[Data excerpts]
* * * *
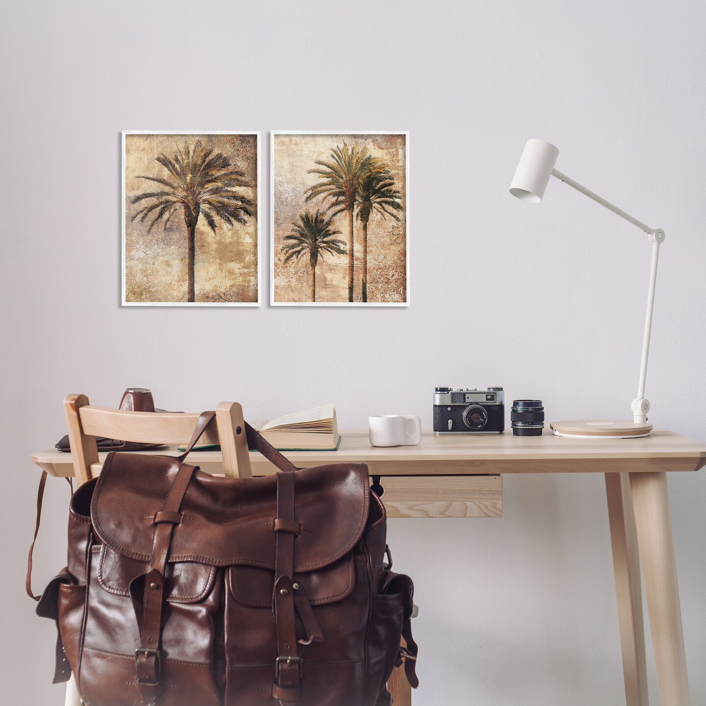 Stupell Industries Arching Palm Leaves 2pc Framed Giclee Wall Art Set Design by John Seba
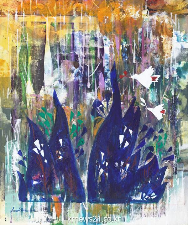 작품에서 반복은 시간의 축적을 의미한다. 불규칙한 형상들이 화면의 기조로 남아 있지만 전면에 드러나지 않고 수많은 붓질이 이를 덮는다. 자연현상을 아름다운 색채로 표현하여 꿈꾸는 이상향을 전달하고, 화면의 수많은 붓질로 본인의 모든 상념과 희로애락을 잠재운다. 그리고 그 위에 모든 자연 현상계 아름다움이 실안에서 심안으로 연결되며 바이브레이션으로 어우러진다,
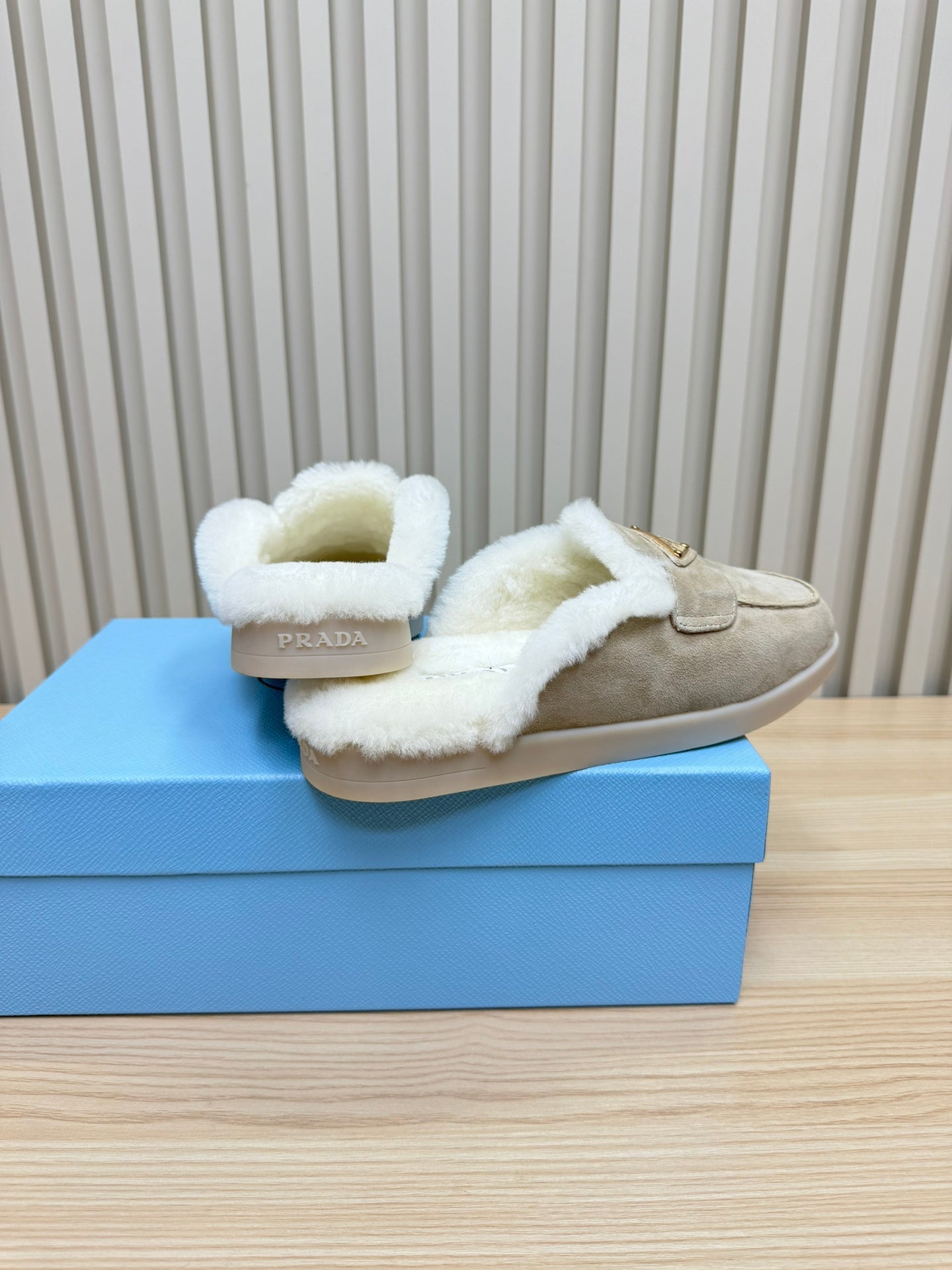 TRIANGLE LOGO FLATS IN KHAKI BEIGE SUEDE AND FUR LINING
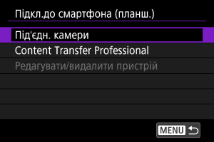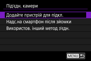 Якщо вибрано [Під'єдн. камери], виберіть [Використов. інший метод з'єдн.] на екрані [Під'єдн. камери].
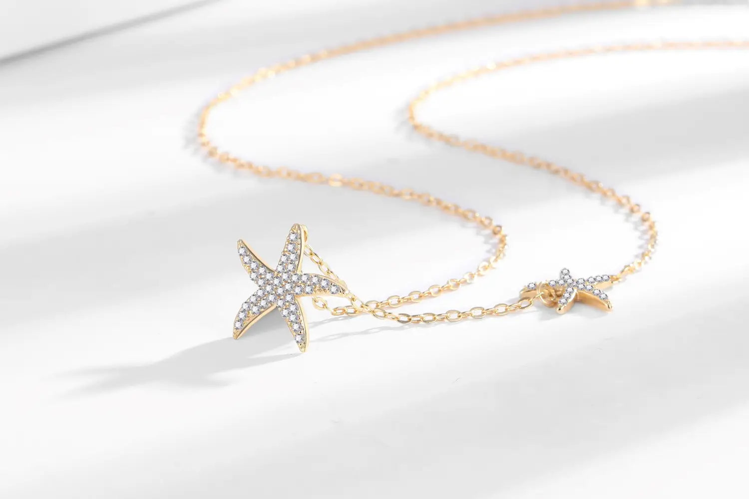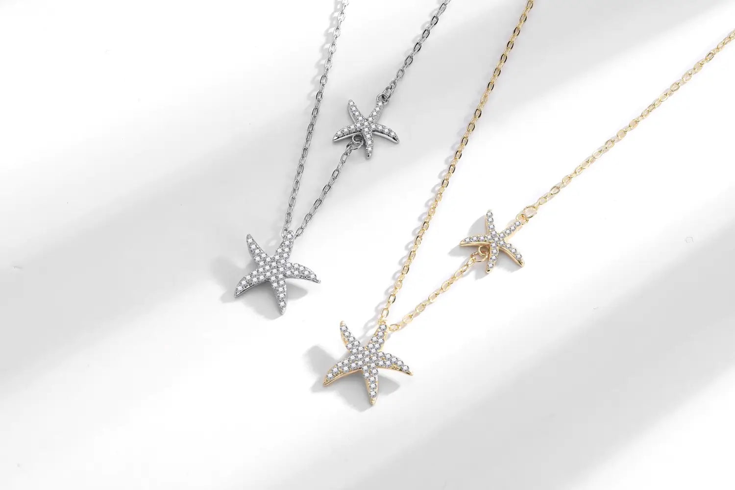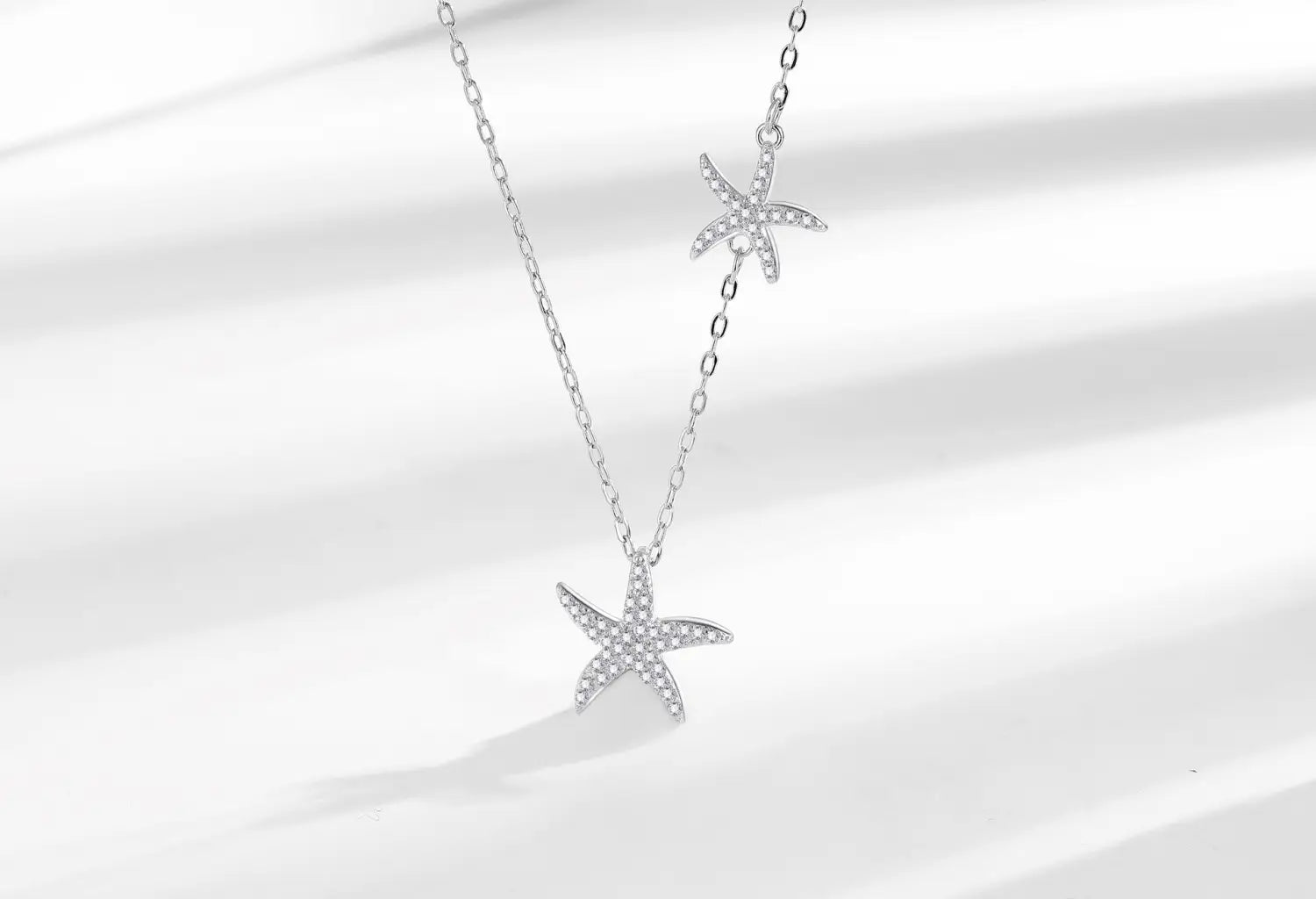 Double Starfish Full Diamond Necklace Female Fashion Special-interest - White Gold Color - electronic accessories
* * * *
● Work instruction
Reproduce the data above in full, exactly, with the images removed.

● Answer box
 Stupell Industries Arching Palm Leaves 2pc Framed Giclee Wall Art Set Design by John Seba
 작품에서 반복은 시간의 축적을 의미한다. 불규칙한 형상들이 화면의 기조로 남아 있지만 전면에 드러나지 않고 수많은 붓질이 이를 덮는다. 자연현상을 아름다운 색채로 표현하여 꿈꾸는 이상향을 전달하고, 화면의 수많은 붓질로 본인의 모든 상념과 희로애락을 잠재운다. 그리고 그 위에 모든 자연 현상계 아름다움이 실안에서 심안으로 연결되며 바이브레이션으로 어우러진다,
 TRIANGLE LOGO FLATS IN KHAKI BEIGE SUEDE AND FUR LINING
 Якщо вибрано [Під'єдн. камери], виберіть [Використов. інший метод з'єдн.] на екрані [Під'єдн. камери].
 Double Starfish Full Diamond Necklace Female Fashion Special-interest - White Gold Color - electronic accessories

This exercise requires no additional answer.